Stored items from a collection:
********************

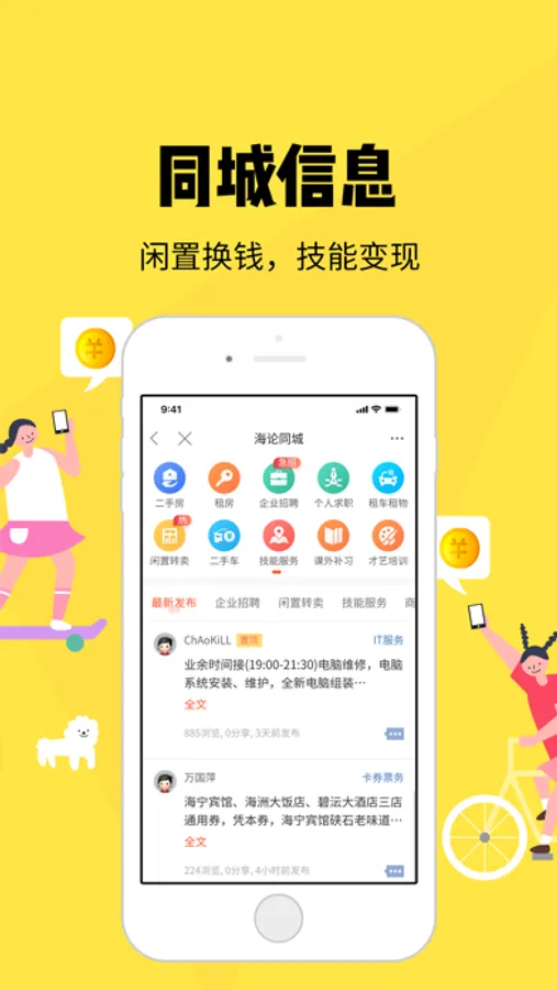 · 二手频道免费发布,同城面交更放心;新增“技能服务”频道,业余拥有各种特长的大神终于可以靠技能天赋赚钱啦。
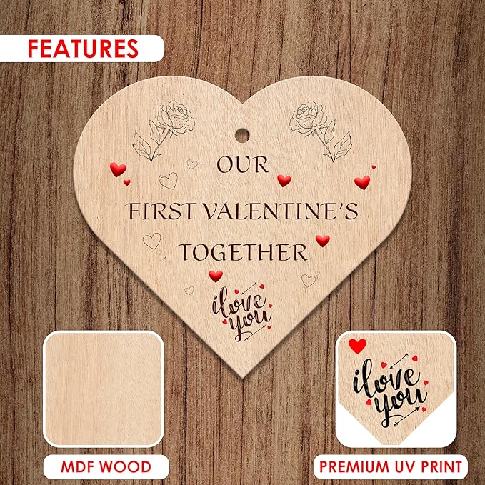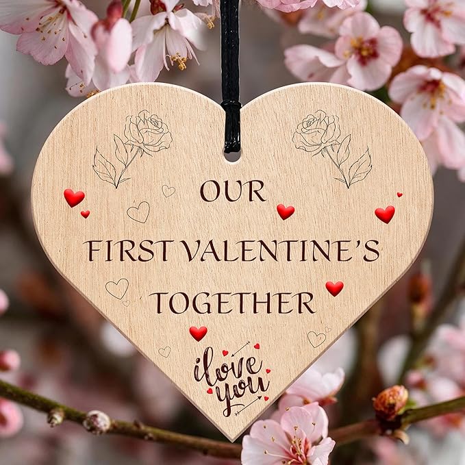 • Decorations Heart Gifts For Him : A beautifully crafted wooden sign, perfect for commemorating your first Valentine’s Day together in a heartfelt way.
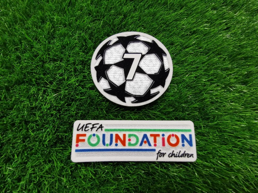 Patch Ligi Mistrzów oraz naszywka UEFA Foundation to zestaw używany na prawym rękawie w rozgrywkach od sezonu 2021/22 do dnia dzisiejszego. Są to oryginalne i oficjalne produkty, których producentem jest Sporting iD.
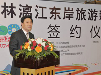 日前,我校与桂林旅游发展投资有限公司在桂林大瀑布饭店隆重举行“桂林漓江东岸旅游新区区域规划”签约仪式。学校党委副书记王赣华出席仪式并讲话。 签约仪式现场,我校旅游学院院长程道品教授与桂林旅游发展投资有限公司董事长何小鹏签署了《桂林漓江东岸旅游新区区域规划》合作协议,这也标志着该项目正式启动。 此规划是充分抓住国务院批准桂林为国家旅游综合改革试验区的有利契机,实现桂林旅游产业升级换代,推动科学发展的重要内容,对桂林旅游行业的发展将产生深远影响。我校将进一步整合科研资源,充分发挥旅游专业科技实力,积极组织精干力量全力以赴完成规划的编制工作,为桂林旅游产业发展做出积极贡献。
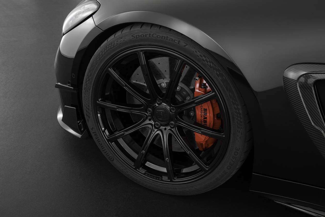 ล้อคืออีกจุดที่ BRABUS ให้รายละเอียดเชิงวิศวกรรมชัดเจน ล้อฟอร์จ BRABUS Monoblock “PLATINUM EDITION” ถูกพัฒนาขึ้นเฉพาะรุ่น ด้วยเทคโนโลยีการผลิตแบบฟอร์จ และ CNC (State-of-the-art Forging Technology and CNC Machining) ดีไซน์เป็น Monoblock Z แบบ 10 ก้านเรียว (Ten Delicate Spokes) จัดแบบสเตกเกอร์ (Staggered Setup) เพื่อเน้นทรงลิ่มของรถ
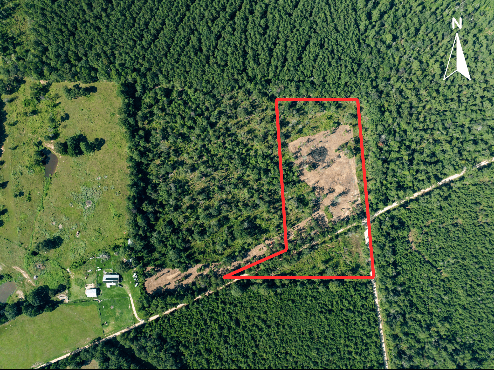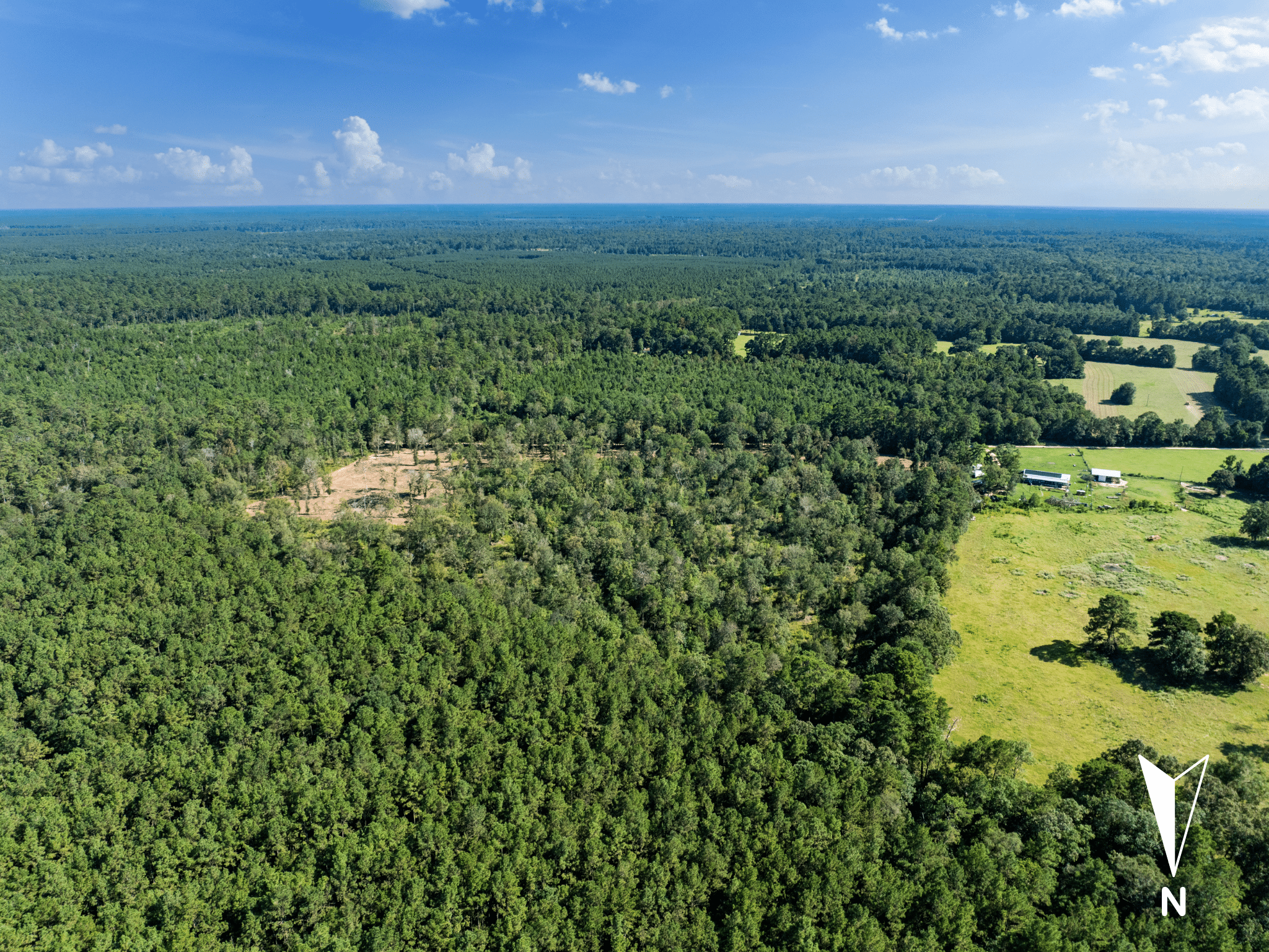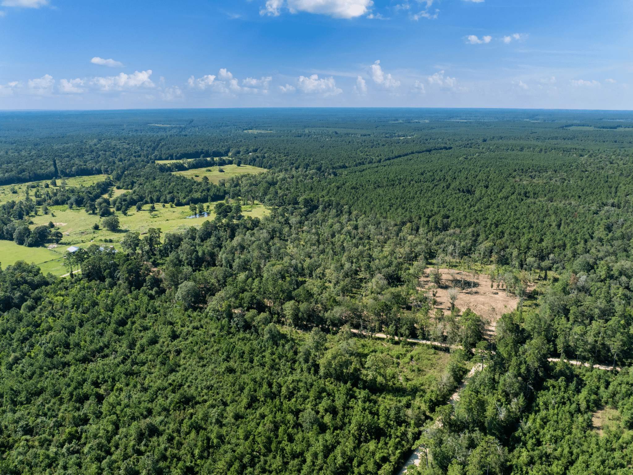 Most of what's available in Polk County is dense timber you have to fight your way through. This one is different. Nearly 16 acres of open ground on the edge of the Piney Woods — scattered trees, open sky, and enough quiet that you can hear yourself think. The kind of place where you can stand in the middle of your land, look around in every direction, and not see a soul.
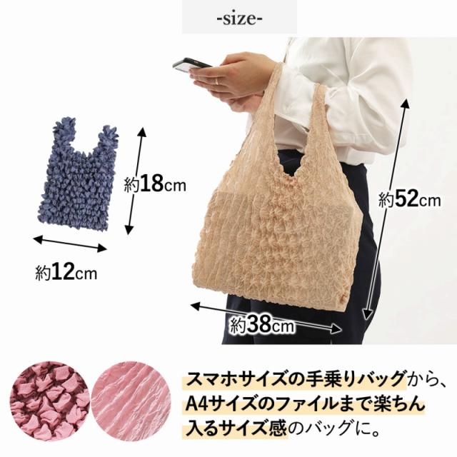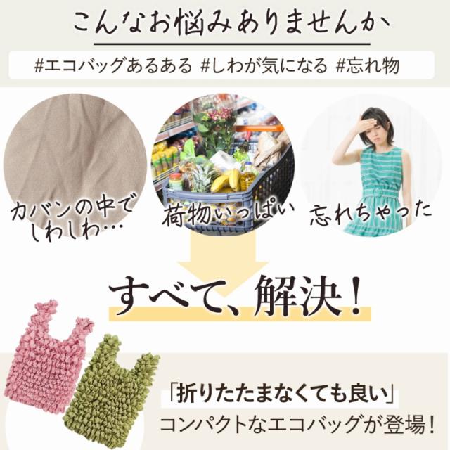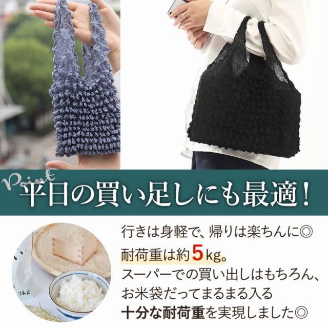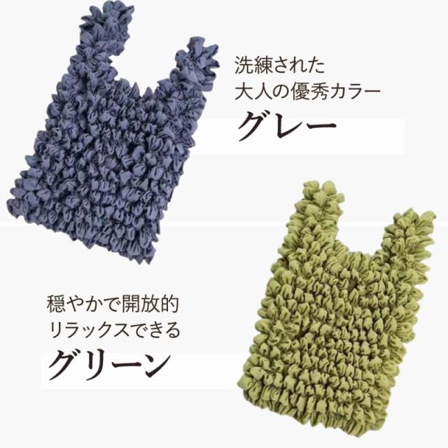 | 商品の説明 | 「きれいにエコバッグを折りたたんで、丁寧にしまって…。」 なんてことはもう必要ありません。 ぎゅっと握って丸めておけば、簡単手軽にかわいくなるおしゃれな絞り素材◎ 行きは身軽で、帰りは楽ちんに。 耐荷重は約5kg! スーパーでの買い出しはもちろん、お米袋だってまるまる入る十分な耐荷重を実現しました。 スマホサイズの手乗りバッグから、 A4サイズのファイルまで楽ちん入るサイズ感のバッグに。 ★選べる2色! 黒2色にしたり、ピンクとグレーを1色ずつ選んだり。 ファッションや好みに合わせてお出かけが楽しみになるカラー。 「折りたたまなくても良い」 コンパクトなエコバッグが登場! いつもの鞄に、さっとしのばせておくだけでいざというとき大活躍。 プレゼントにもおすすめです! |
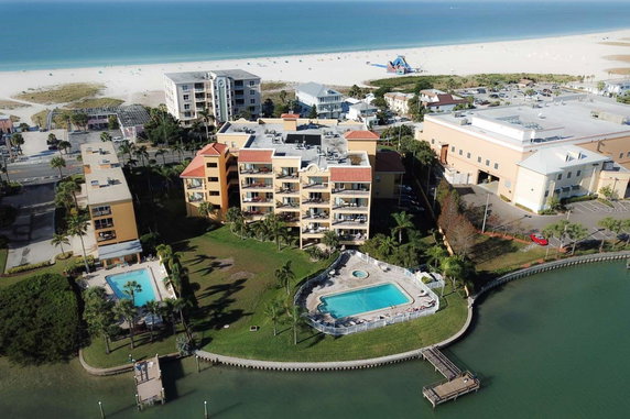 This location provides direct access to Treasure Island Beach. It is beautifully landscaped and offers views of the intra-coastal waterway. Nearby restaurants include Sloppy Joe's, VIP Lounge, and CJ's On the Island. Shopping and entertainment options also lie within a short distance, making it a desirable spot for vacation rentals or long-term living.
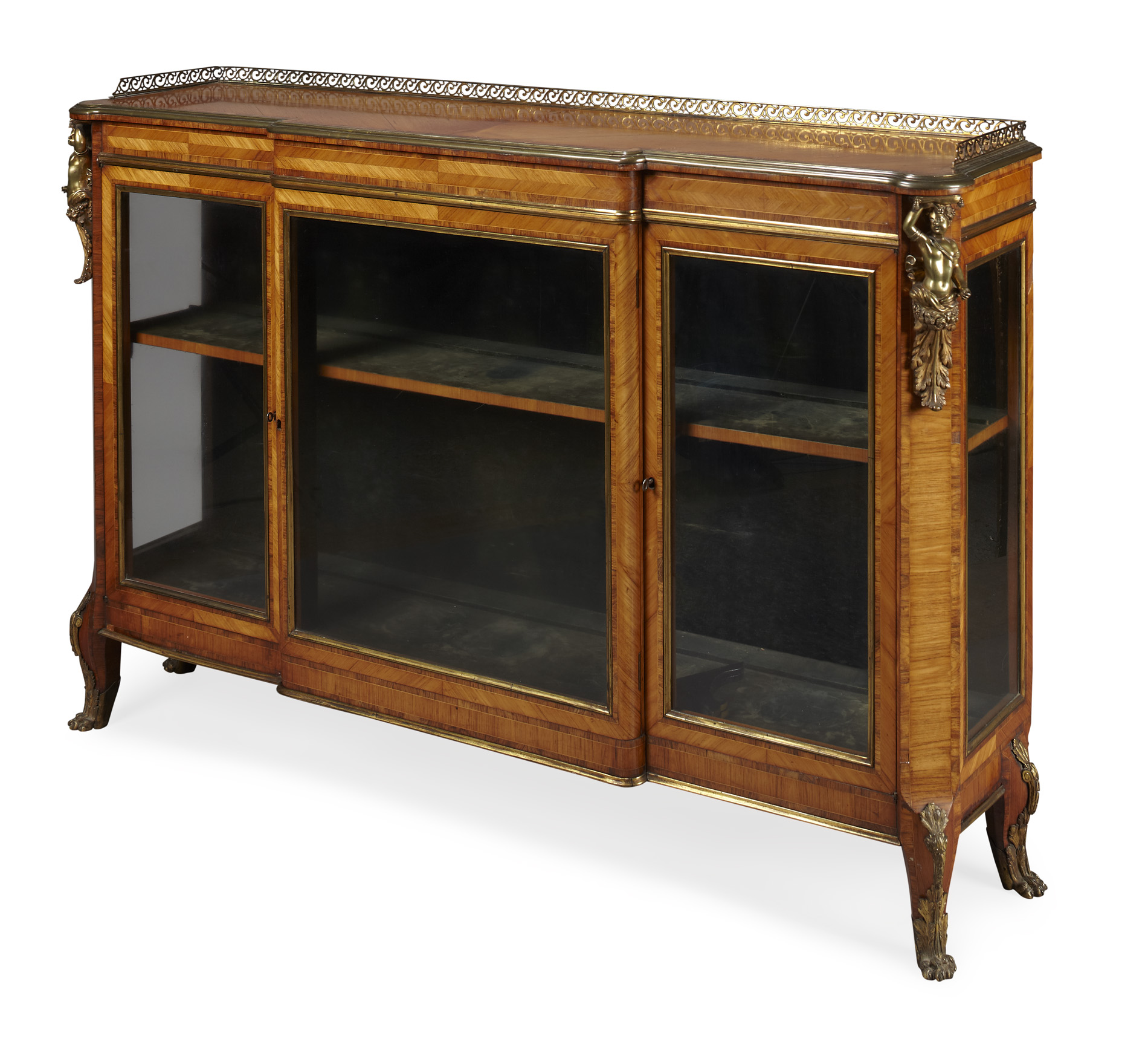 the shaped quarter veneered and brass bound rectangular top with a three quarter pierced gallery over a central glazed door flanked by two further glazed doors opening to shelves and glazed panels to the sides, the canted angles mounted with gilt metal caryatids, raised on gilt metal hairy paw feet

********************

This exercise asks for the data above to be given again exactly, without pictures.

## Result
 · 二手频道免费发布,同城面交更放心;新增“技能服务”频道,业余拥有各种特长的大神终于可以靠技能天赋赚钱啦。
 • Decorations Heart Gifts For Him : A beautifully crafted wooden sign, perfect for commemorating your first Valentine’s Day together in a heartfelt way.
 Patch Ligi Mistrzów oraz naszywka UEFA Foundation to zestaw używany na prawym rękawie w rozgrywkach od sezonu 2021/22 do dnia dzisiejszego. Są to oryginalne i oficjalne produkty, których producentem jest Sporting iD.
 日前,我校与桂林旅游发展投资有限公司在桂林大瀑布饭店隆重举行“桂林漓江东岸旅游新区区域规划”签约仪式。学校党委副书记王赣华出席仪式并讲话。 签约仪式现场,我校旅游学院院长程道品教授与桂林旅游发展投资有限公司董事长何小鹏签署了《桂林漓江东岸旅游新区区域规划》合作协议,这也标志着该项目正式启动。 此规划是充分抓住国务院批准桂林为国家旅游综合改革试验区的有利契机,实现桂林旅游产业升级换代,推动科学发展的重要内容,对桂林旅游行业的发展将产生深远影响。我校将进一步整合科研资源,充分发挥旅游专业科技实力,积极组织精干力量全力以赴完成规划的编制工作,为桂林旅游产业发展做出积极贡献。
 ล้อคืออีกจุดที่ BRABUS ให้รายละเอียดเชิงวิศวกรรมชัดเจน ล้อฟอร์จ BRABUS Monoblock “PLATINUM EDITION” ถูกพัฒนาขึ้นเฉพาะรุ่น ด้วยเทคโนโลยีการผลิตแบบฟอร์จ และ CNC (State-of-the-art Forging Technology and CNC Machining) ดีไซน์เป็น Monoblock Z แบบ 10 ก้านเรียว (Ten Delicate Spokes) จัดแบบสเตกเกอร์ (Staggered Setup) เพื่อเน้นทรงลิ่มของรถ
 Most of what's available in Polk County is dense timber you have to fight your way through. This one is different. Nearly 16 acres of open ground on the edge of the Piney Woods — scattered trees, open sky, and enough quiet that you can hear yourself think. The kind of place where you can stand in the middle of your land, look around in every direction, and not see a soul.
 | 商品の説明 | 「きれいにエコバッグを折りたたんで、丁寧にしまって…。」 なんてことはもう必要ありません。 ぎゅっと握って丸めておけば、簡単手軽にかわいくなるおしゃれな絞り素材◎ 行きは身軽で、帰りは楽ちんに。 耐荷重は約5kg! スーパーでの買い出しはもちろん、お米袋だってまるまる入る十分な耐荷重を実現しました。 スマホサイズの手乗りバッグから、 A4サイズのファイルまで楽ちん入るサイズ感のバッグに。 ★選べる2色! 黒2色にしたり、ピンクとグレーを1色ずつ選んだり。 ファッションや好みに合わせてお出かけが楽しみになるカラー。 「折りたたまなくても良い」 コンパクトなエコバッグが登場! いつもの鞄に、さっとしのばせておくだけでいざというとき大活躍。 プレゼントにもおすすめです! |
 This location provides direct access to Treasure Island Beach. It is beautifully landscaped and offers views of the intra-coastal waterway. Nearby restaurants include Sloppy Joe's, VIP Lounge, and CJ's On the Island. Shopping and entertainment options also lie within a short distance, making it a desirable spot for vacation rentals or long-term living.
 the shaped quarter veneered and brass bound rectangular top with a three quarter pierced gallery over a central glazed door flanked by two further glazed doors opening to shelves and glazed panels to the sides, the canted angles mounted with gilt metal caryatids, raised on gilt metal hairy paw feet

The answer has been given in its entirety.